Durrow, Book of
DURROW, BOOK OF
In Trinity College, Dublin, a richly decorated vellum codex of the four Gospels, with Vulgate text and Old Latin Prefaces, written and decorated in the province of the Columban mission in Northumbria or Ireland, c. 675; 248 folios, 9½ by 6 inches in size. The Book of Durrow is the sole representative of a crucial phase in the development of Hiberno-Saxon art and the first manuscript to show the decorative structure characteristic of the later Insular Gospel books such as lindisfarne and kells. Pages devoted to symbols of the Evangelists and pages of pure ornament mark the opening of the codex and precede each Gospel. Beginnings of texts carry enlarged decorative initials or monograms. The ornamentation, expert and assured, is close to the Celtic and Saxon metalwork of the middle of the century. It includes interlace, Celtic curvilinear designs, animal ornament, and rectilinear cellwork patterns; ornamental letters are outlined with red dots.

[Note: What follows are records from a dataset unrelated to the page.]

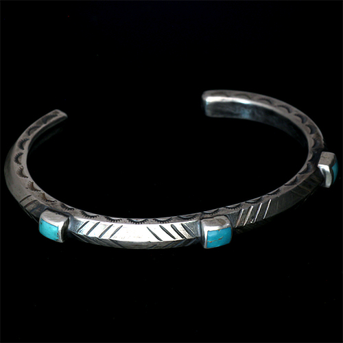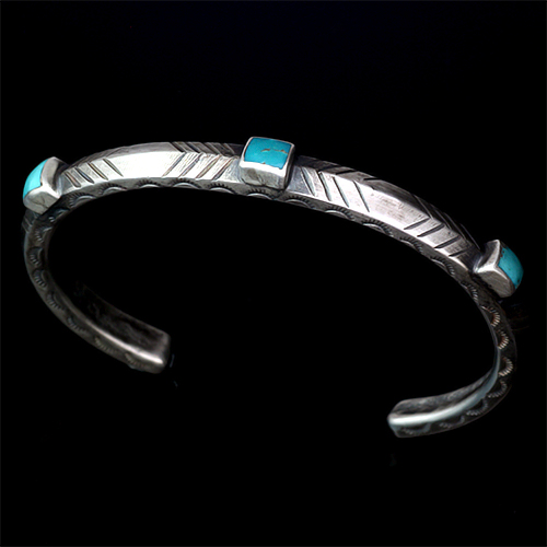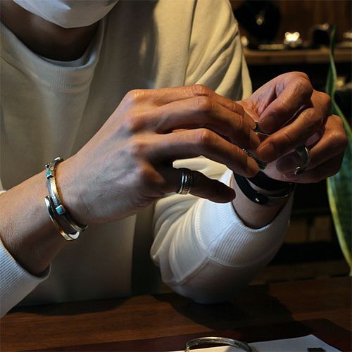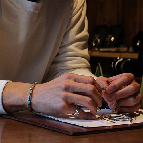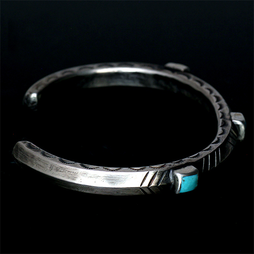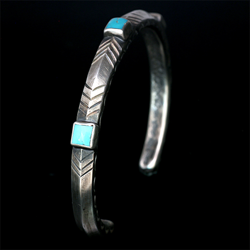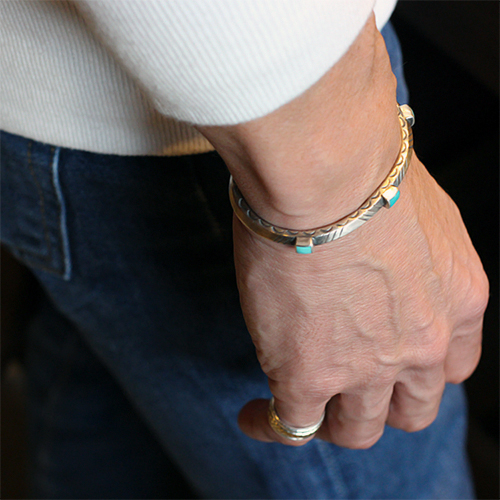 | Creek/クリーク族のアーティスト Jesse Robbins/ジェシー・ロビンズが制作したバングルです。 細くしっかりした厚みのあるトライアングルは他のバングルとの2連、3連など重ね付けにも重宝する作品ですが、単体でお使いの際はさりげなくスタイルをお楽しみ頂けるシンプルさを兼ね備えています。また、3つのシャイアン(ターコイズ)があることで物足りなさを感じさせない安心感もあります。 石は自らが採掘し厳選したシャイアンを使用しており、トライアングルの形状にセットされたベゼルは見事に一体感が生み出されています。素材の良さとジェシーが手掛けるオールドスタイルが上手く組み合わさっています。ジェシー・ロビンズの世界観をどうぞお楽しみください。 | ||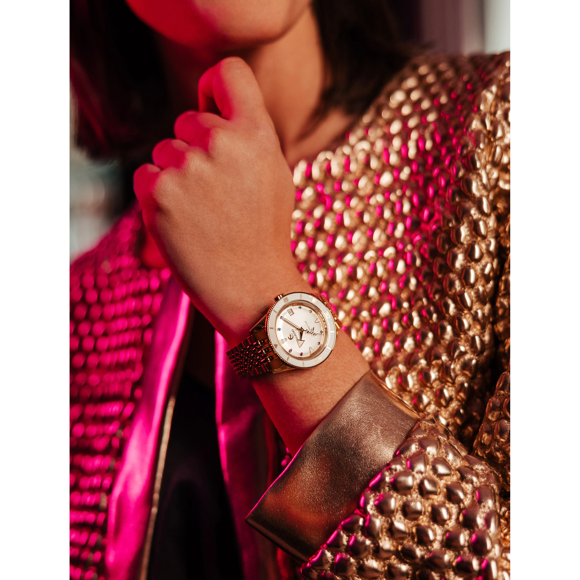 luxusné hodinky Rado Captain Cook x Marina Hoermanseder Heartbeat Automat, Vode odolnosť 100M, 37 mm. Hodinky disponujú funkciami luminiscencia a ukazovateľ dátumu. Základné parametre hodín sú: typ strojčeka je mechanické hodinky s automatickým náťahom, materiál remienka je oceľ a koža, vode odolnosť je 100 m a farba ciferníka je biela.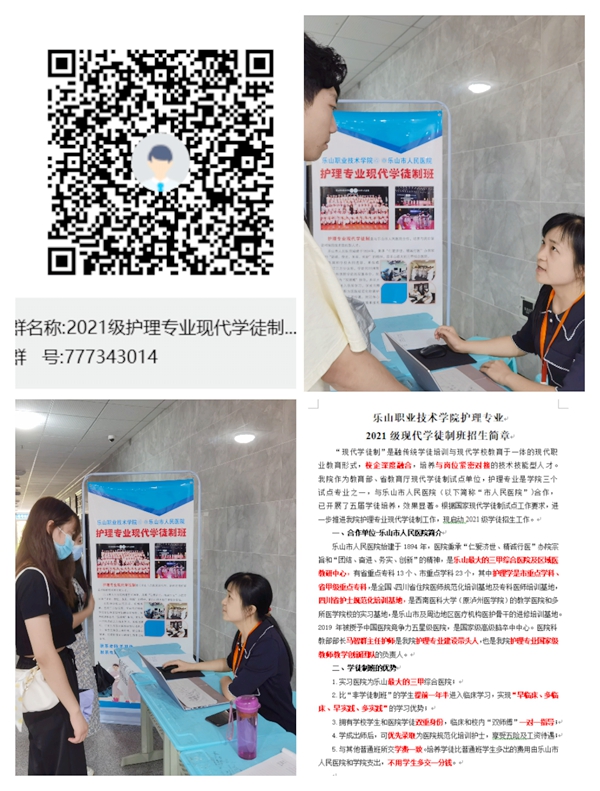 为了做好此次选拔工作,院校、系部各部门相互支持、相互配合,做了充分的前期准备。校企共同制定招生宣传展板、拟定招生简章,将招生简章通过新生班辅导员和班级助理提前下发至各个新生班级宣传。建立2021级护理专业现代学徒制班意愿QQ群,对现代学徒制人才培养模式感兴趣的同学建群解惑答疑。选派普专护理专业负责人毛羽佳老师、2021级学徒制班辅导员余飞飞老师、2020级学徒制班宣传委员苏馨玉学姐进行报到现场咨询。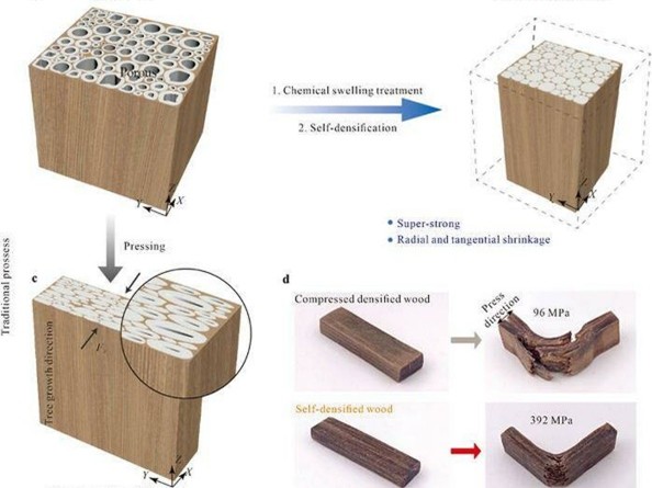 El proceso creado por los investigadores chinos hace que la madera adquiera unas propiedades excepcionales. Los investigadores han observado una resistencia a la tracción, a la flexión y al impacto muy superior a la madera natural y a la madera comprimida lograda con los métodos tradicionales.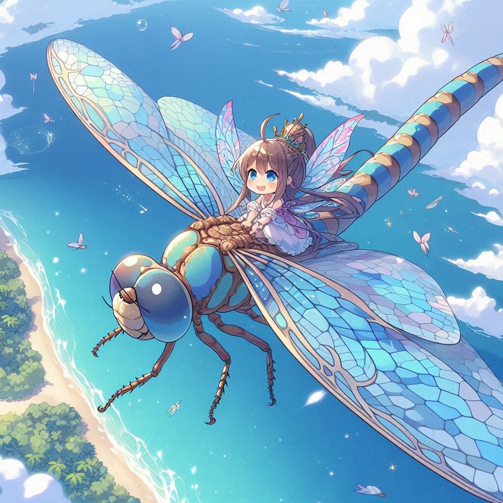 お友達の蜻蛉ちゃんに乗らせてもらっているちび妖精ちゃん

The different groups of ornament are not yet intermixed as in the mature Hiberno-Saxon style and the script is not yet of the developed Insular ornamental majuscule form.
See Also: manuscript illumination.
Bibliography: Codex Durmachensis, ed. a. a. luce et al., 2v. (New York 1960). s. f. h. robinson, Celtic Illuminative Art in the Gospel Books of Durrow, Lindisfarne and Kells (Dublin 1908).